[Start of Attachment]

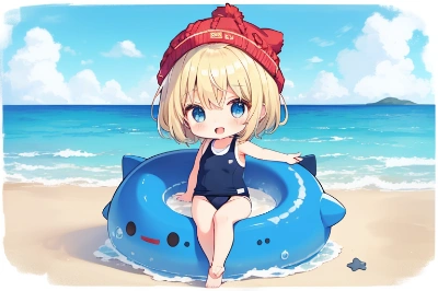 1girl, blonde hair, blue eyes, short hair, red ribbon in hair,(hair bow:1.2),red bow,chibi, standing, facing front, looking at viewer,( holding big red heart:1.4), smiling happily, blushing lightly, indoor scene, genkan entrance, taking off shoes, wooden floor, sunshine coming through door, wearing school uniform, blue skirt, white shirt, red ribbon on chest, bare legs, white socks, shoes on floor, hair over one eye, wind blowing hair, detailed eyes, long eyelashes, rosy cheeks, soft smile, canting head, delicate hands holding heart, fingernails painted pink, intricate background, highly detailed
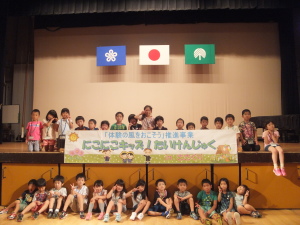 はじめまして!緊張しているお友達もいるので、まずはレクリエーションからです。これからにこにこキッズの仲間として仲良く最後まで頑張りましょう。 |
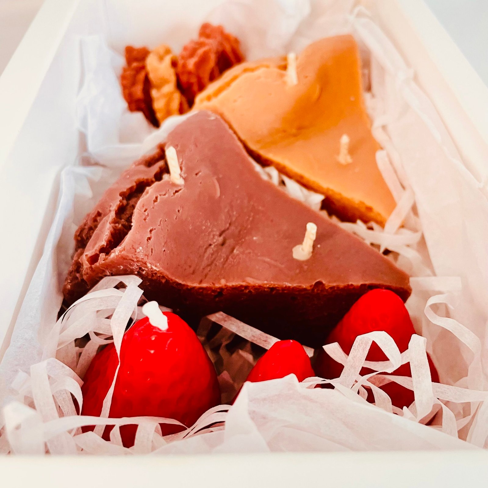Pentru a completa decorul și atmosfera, am inclus și wax melts fursecuri sau praline și căpșunici plus încă o căpșunică pe care poți să o aprinzi.
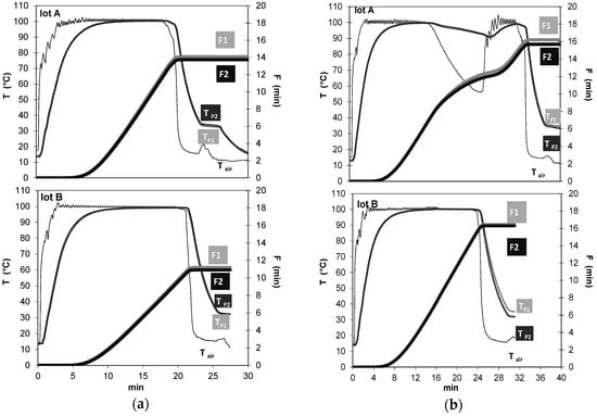Time-temperatures graphs and values of pasteurization A (top) and B (bottom) lots: (a) apple-RCW, strawberry-RCW, and blueberry-RCW beverages; (b) pear-RCW beverage. Tair refers to autoclave; TP1 refers to the core of bottles put at the top of autoclave’s chamber; TP2 refers to the core of bottles put at the bottom of autoclave’s chamber; F1 is the value of the top bottle; F2 is the value of the bottom bottle.

[End of Attachment]

- **HOW TO COMPLETE THIS TASK**: Write the material above out again exactly. Omit every image.

- **RESPONSE**:
 1girl, blonde hair, blue eyes, short hair, red ribbon in hair,(hair bow:1.2),red bow,chibi, standing, facing front, looking at viewer,( holding big red heart:1.4), smiling happily, blushing lightly, indoor scene, genkan entrance, taking off shoes, wooden floor, sunshine coming through door, wearing school uniform, blue skirt, white shirt, red ribbon on chest, bare legs, white socks, shoes on floor, hair over one eye, wind blowing hair, detailed eyes, long eyelashes, rosy cheeks, soft smile, canting head, delicate hands holding heart, fingernails painted pink, intricate background, highly detailed
 はじめまして!緊張しているお友達もいるので、まずはレクリエーションからです。これからにこにこキッズの仲間として仲良く最後まで頑張りましょう。 |
Pentru a completa decorul și atmosfera, am inclus și wax melts fursecuri sau praline și căpșunici plus încă o căpșunică pe care poți să o aprinzi.
Time-temperatures graphs and values of pasteurization A (top) and B (bottom) lots: (a) apple-RCW, strawberry-RCW, and blueberry-RCW beverages; (b) pear-RCW beverage. Tair refers to autoclave; TP1 refers to the core of bottles put at the top of autoclave’s chamber; TP2 refers to the core of bottles put at the bottom of autoclave’s chamber; F1 is the value of the top bottle; F2 is the value of the bottom bottle.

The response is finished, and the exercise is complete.